◆ DATA LISTING:
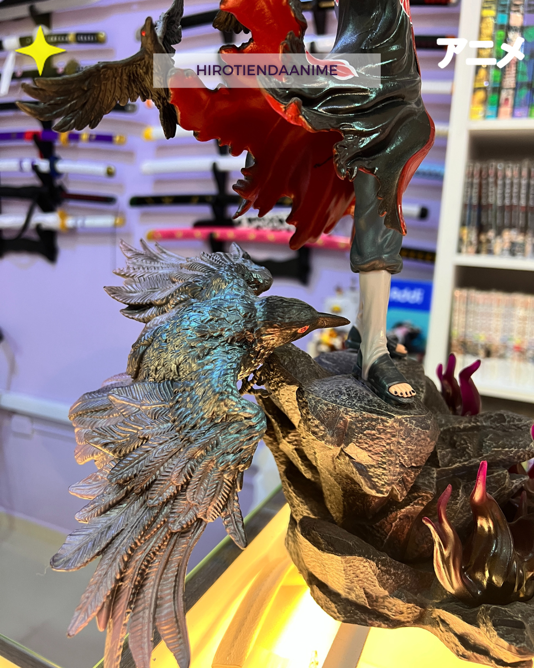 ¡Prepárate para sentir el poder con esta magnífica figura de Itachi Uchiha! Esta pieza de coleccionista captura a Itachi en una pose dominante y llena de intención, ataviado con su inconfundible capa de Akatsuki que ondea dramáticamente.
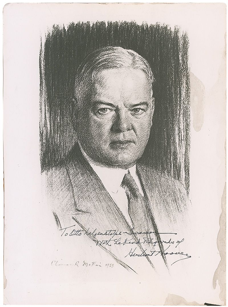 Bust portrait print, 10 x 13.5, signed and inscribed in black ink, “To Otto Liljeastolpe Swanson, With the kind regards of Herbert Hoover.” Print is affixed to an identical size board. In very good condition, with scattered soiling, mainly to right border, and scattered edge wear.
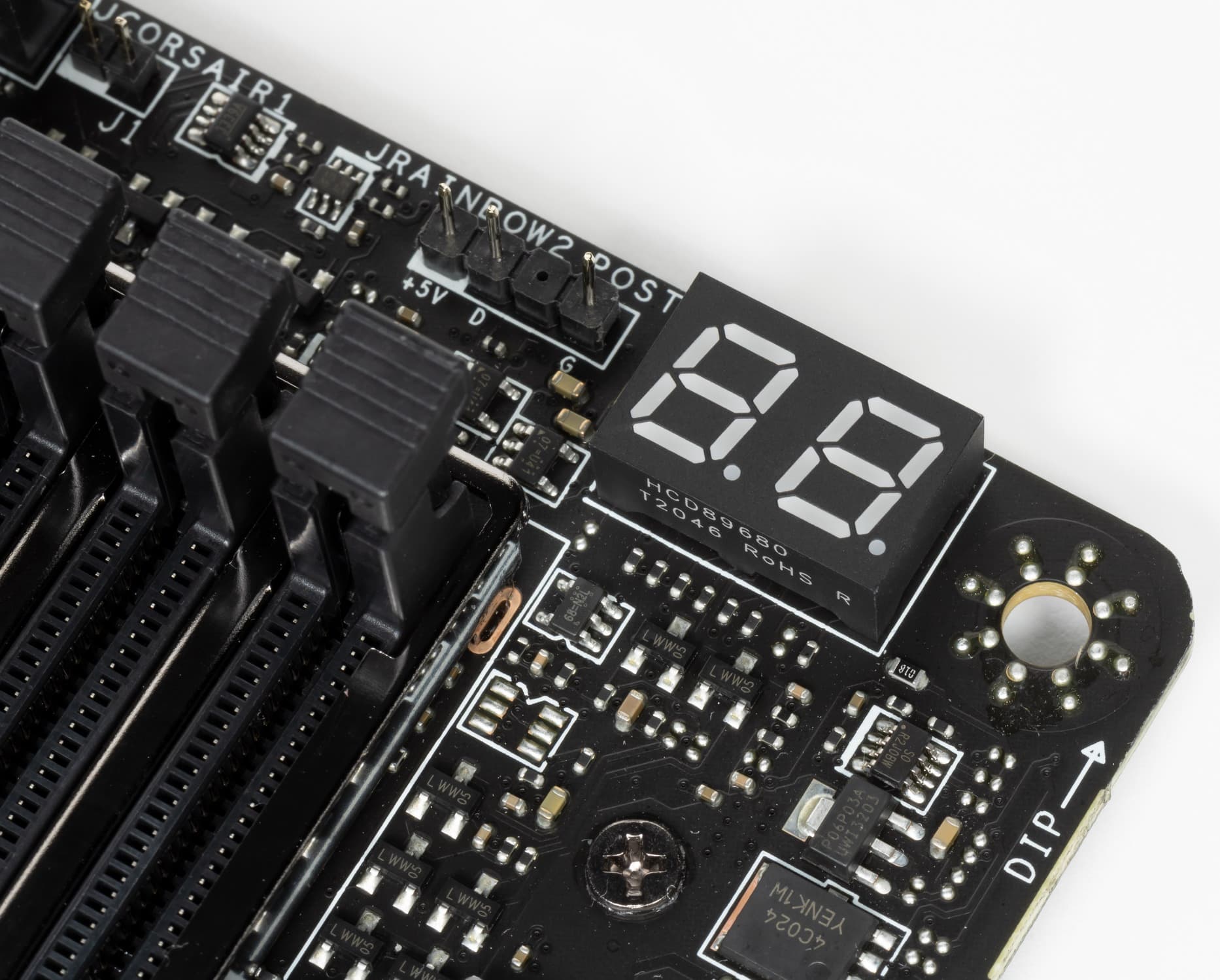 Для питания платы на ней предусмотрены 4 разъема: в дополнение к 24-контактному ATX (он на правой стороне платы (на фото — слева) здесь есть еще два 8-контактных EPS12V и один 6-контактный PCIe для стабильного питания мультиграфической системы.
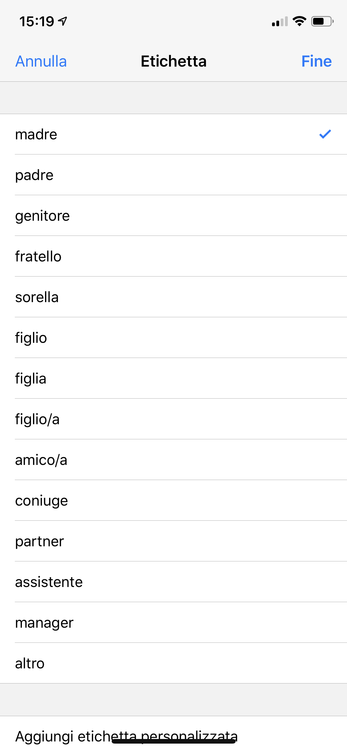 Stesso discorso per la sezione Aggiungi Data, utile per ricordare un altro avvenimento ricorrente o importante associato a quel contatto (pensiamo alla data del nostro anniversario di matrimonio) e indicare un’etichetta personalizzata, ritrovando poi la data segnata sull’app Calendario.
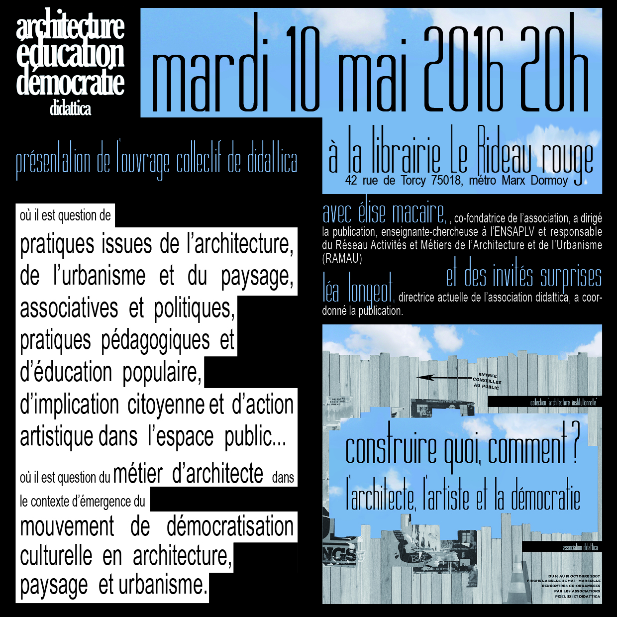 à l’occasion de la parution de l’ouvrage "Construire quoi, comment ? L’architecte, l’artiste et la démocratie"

◆ ACTIVITY: Your answer should contain only the lines from the beginning of the listing above through the line with "Для питания платы", copied exactly and without the pictures.

◆ ANSWER TO THE PROBLEM:
 ¡Prepárate para sentir el poder con esta magnífica figura de Itachi Uchiha! Esta pieza de coleccionista captura a Itachi en una pose dominante y llena de intención, ataviado con su inconfundible capa de Akatsuki que ondea dramáticamente.
 Bust portrait print, 10 x 13.5, signed and inscribed in black ink, “To Otto Liljeastolpe Swanson, With the kind regards of Herbert Hoover.” Print is affixed to an identical size board. In very good condition, with scattered soiling, mainly to right border, and scattered edge wear.
 Для питания платы на ней предусмотрены 4 разъема: в дополнение к 24-контактному ATX (он на правой стороне платы (на фото — слева) здесь есть еще два 8-контактных EPS12V и один 6-контактный PCIe для стабильного питания мультиграфической системы.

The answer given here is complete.